Сильвія вздохнула съ сожалѣніемъ. Она когда-то воображала, что брильянтовое кольцо лишь предвозвѣстникъ цѣлаго града подарковъ, болѣе роскошныхъ, чѣмъ золотой дождь, сошедшій на Данаю.
-- Я не дарилъ тебѣ драгоцѣнностей, Сильвія, частію потому, что не люблю, когда женщина увѣшана украшеніями, но еще больше потому, что не желалъ бытъ связаннымъ въ твоемъ умѣ съ богатыми дарами. Когда я умру, ты будешь богата... настолько богата, чтобы выдти замужъ за какого-нибудь авантюриста, если только ты будешь такъ безразсудна, чтобы выдти замужъ вторично.
Тутъ сэръ Обри открылъ овальный сафьянный футляръ, въ которомъ покоилось на черномъ бархатѣ ожерелье изъ брильянтовъ, величиною съ крупный горохъ. Серебряная отдѣлка была, такъ тонка, что едва примѣтна. Ожерелье казалось цѣпью изъ яркой росы.
Глаза Сильвіи засверкали, она перевела духъ отъ удивленія и восторга.
-- Какая прелесть! вскричала она.
-- Оно твое, моя радость, возразилъ баронетъ своимъ спокойнымъ тономъ. Я купилъ это ожерелье для дочери герцога, но смерть похитила мою невѣсту -- теперь я дарю его своей вѣрной и доброй женѣ.
Лэди Перріамъ, которую не легко было тронуть, прослезилась.
-- Помоги мнѣ, Боже, быть тебѣ вѣрной дѣломъ и мыслью, закричала она пылко. Но я недостойна твоей доброты.
-- Ты была моей терпѣливой сидѣлкой, моимъ вѣрнымъ собесѣдникомъ, отвѣчалъ сэръ Обри ласково. Осуши свои слезы, душа моя. Не стоитъ плакать изъ-за брильянтоваго ожерелья.
-- Я очень горжусь твоимъ подаркомъ; я и представить, себѣ не могла такого великолѣпія. Но меня трогаетъ твоя доброта, сказала Сильвія.
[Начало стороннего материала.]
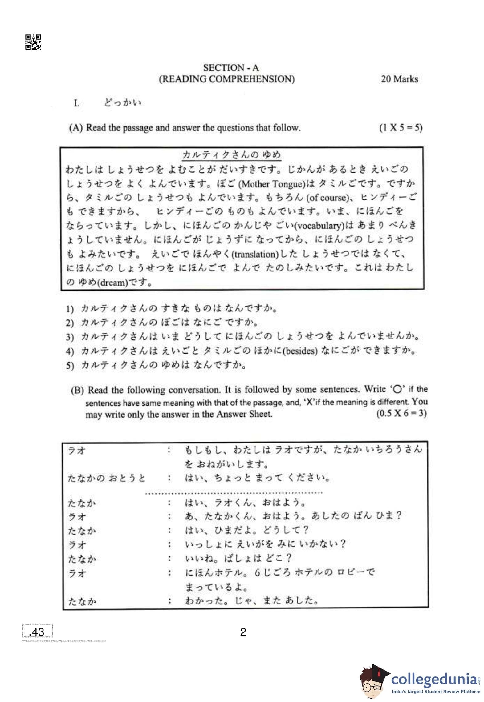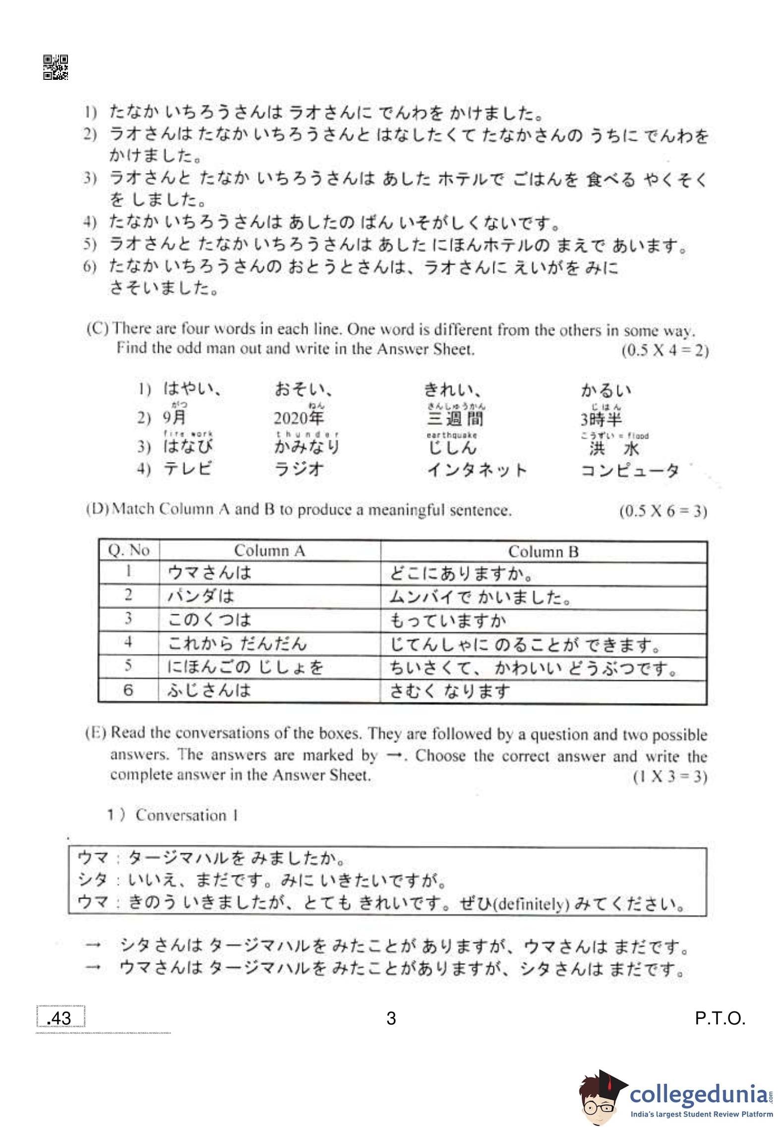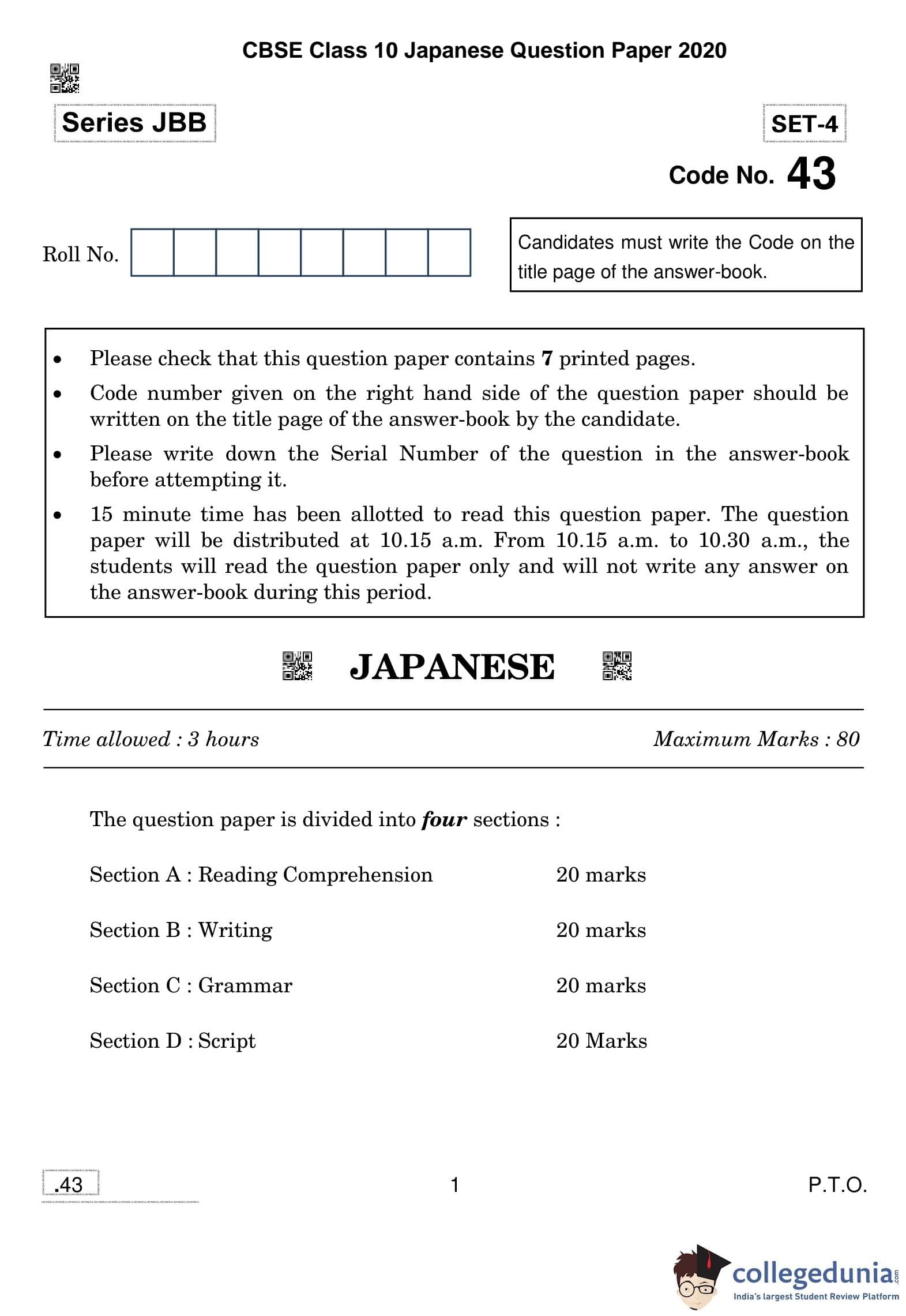 CBSE Class 10 Japanese Question Paper 2020 with Answer Key (February 22)

Она вспомнила, какимъ низкимъ считала она его за то, что онъ назначилъ ей ничтожную сумму на карманные расходы, какъ она объясняла скупостью ихъ скучный образъ жизни; и вотъ, вдругъ, онъ бросаетъ ей подарокъ въ нѣсколько тысячъ, фунтовъ, такъ же безпечно, какъ если бы то былъ пучокъ цвѣтовъ.
"Когда-то придется мнѣ надѣть эти брильянты? вопрошала она самоё себя -- или, лучше сказать, судьбу,-- застегивая ожерелье передъ зеркаломъ въ своей уборной. Быть можетъ, если сэръ Обри вздумаетъ, то повезетъ меня въ Лондонъ этотъ годъ и покажетъ мнѣ свѣтъ. Тяжко быть богатой, имѣть драгоцѣнности и титулъ, и молодость, и красоту, и быть между тѣмъ за-живо схороненной въ Перріамъ-Плэсѣ.
На слѣдующій день выпало самое ясное утро въ году, но сэръ Обри протестовалъ противъ желтой коляски, когда м-ръ Стимпсонъ, все еще навѣщавшій его, предложилъ ему прокататься.
-- Я терпѣть не могу ѣзды въ экипажѣ, сказалъ онъ. Я лучше погуляю немного въ саду съ лэди Перріамъ.
-- Хорошо, отвѣчалъ докторъ, желавшій угодить такому выгодному паціенту. Быть можетъ, это будетъ еще лучше, чѣмъ катанье. Но только вы отнюдь не должны утомлять себя. Пройдитесь взадъ и впередъ по этой дивной террасѣ, опираясь на руку лэди Перріамъ.
Было около трехъ часовъ пополудни, когда сэръ Обри съ женой отправился гулять. Стояло ясное, тихое, совсѣмъ весеннее время; лишь легкій западный вѣтерокъ колыхалъ хвойныя деревья; небо было голубое и по немъ пробѣгали легкія, бѣлыя облачка, а солнце мягкимъ свѣтомъ заливало весь ландшафтъ. Только-что прошелъ дождь и луга зеленѣли, какъ изумрудъ возлѣ темныхъ вспаханныхъ полей, между тѣмъ какъ первая зелень появлялась тамъ-и-сямъ на живыхъ изгородяхъ, обращенныхъ къ югу.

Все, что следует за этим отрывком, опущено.